Denmark Scott E, Matesich Zachery D
Roger Adams Laboratory, Department of Chemistry, University of Illinois , Urbana, Illinois 61801, United States.
J Org Chem. 2014 Jul 3;79(13):5970-86. doi: 10.1021/jo501004j. Epub 2014 Jun 13.

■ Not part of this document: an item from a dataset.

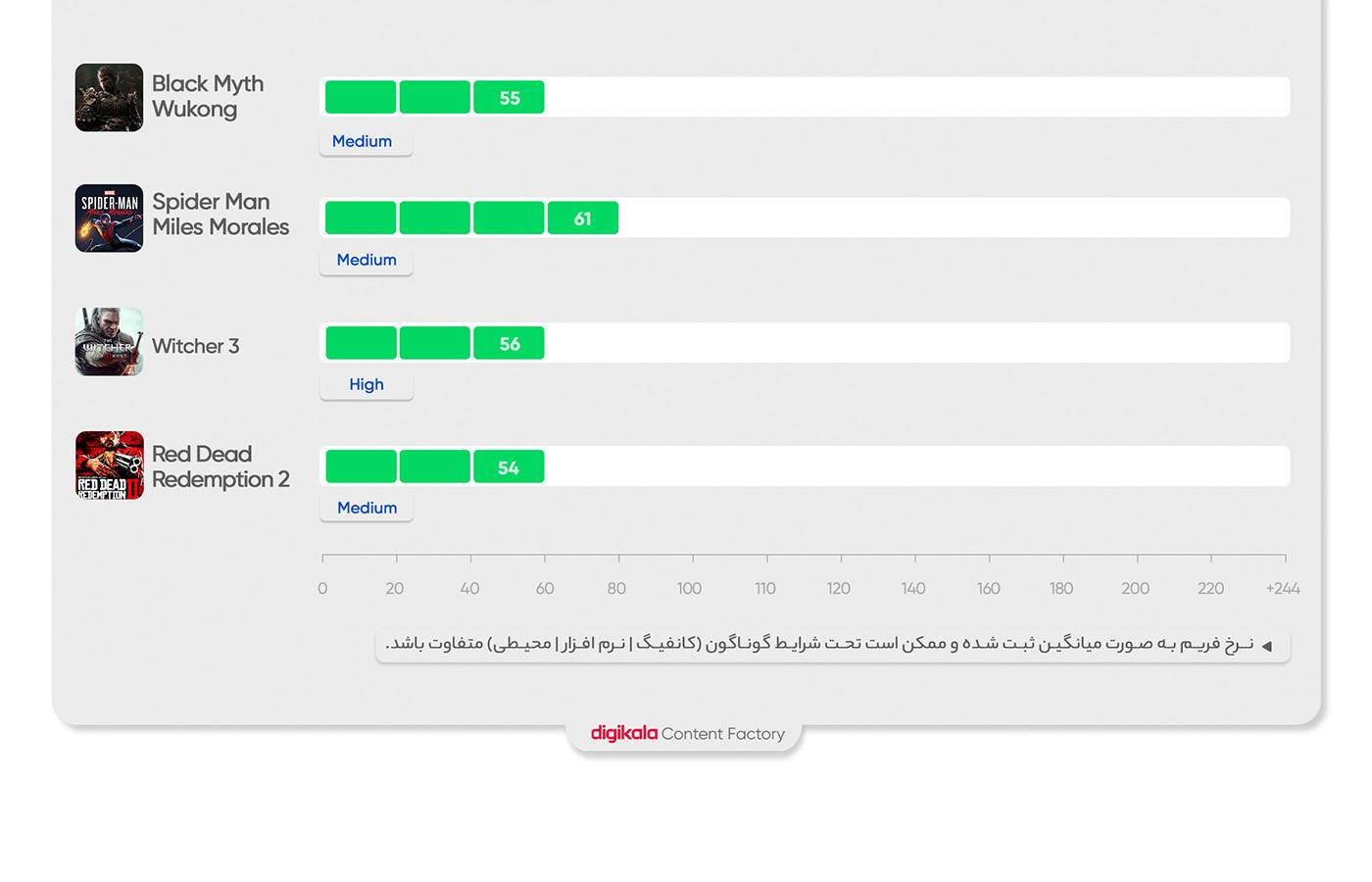 بر اساس تستها و اعلام اعداد رسمی، بازیهایی مانند Red Dead Redemption 2 با تنظیمات Medium در این لپتاپ میانگین ۵۴ فریم، Witcher 3 با تنظیمات High به ۵۶ فریم، Marvel’s Spider Man Miles Morales در تنظیمات Medium به ۶۱ فریم و Black Myth: Wukong با تنظیمات Medium به ۵۵ فریم میرسد. این نتایج حاکی از آن است که RTX 2050 تا حدودی میتواند بازیهای امروزی را در وضوح Full HD با تنظیمات متوسط اجرا کند و به نرخ فریم قابل قبولی دست یابد. اگر به تنظیمات پایینتر رضایت دهید، میتوانید فریمریت بالاتری نیز کسب کنید.

The ruthenium-catalyzed allylation of aldehydes with allylic acetates has been expanded to incorporate substituents at the 2-position of the allylic components. Allylic acetates bearing a variety of substituents (CO2-t-Bu, COMe, Ph, CH(OEt)2, and Me) undergo high-yielding additions with aromatic, α,β-unsaturated, and aliphatic aldehydes. The conditions of the reaction were found to be mild (75 °C, 24-48 h) and only required the use of 2-3 mol % of the triruthenium dodecacarbonyl catalyst under 40-80 psi of CO. The stoichiometries of water and allylic acetate employed were found to be critical to reaction efficiency.
钌催化的醛与烯丙基乙酸酯的烯丙基化反应已得到扩展,能够在烯丙基组分的2-位引入取代基。带有各种取代基(叔丁基碳酸酯、乙酰基、苯基、二乙氧基甲基和甲基)的烯丙基乙酸酯能与芳香醛、α,β-不饱和醛和脂肪醛进行高产率的加成反应。该反应条件温和(75 °C,24 - 48小时),仅需在40 - 80 psi的一氧化碳压力下使用2 - 3 mol%的十二羰基三钌催化剂。发现所用水和烯丙基乙酸酯的化学计量比对于反应效率至关重要。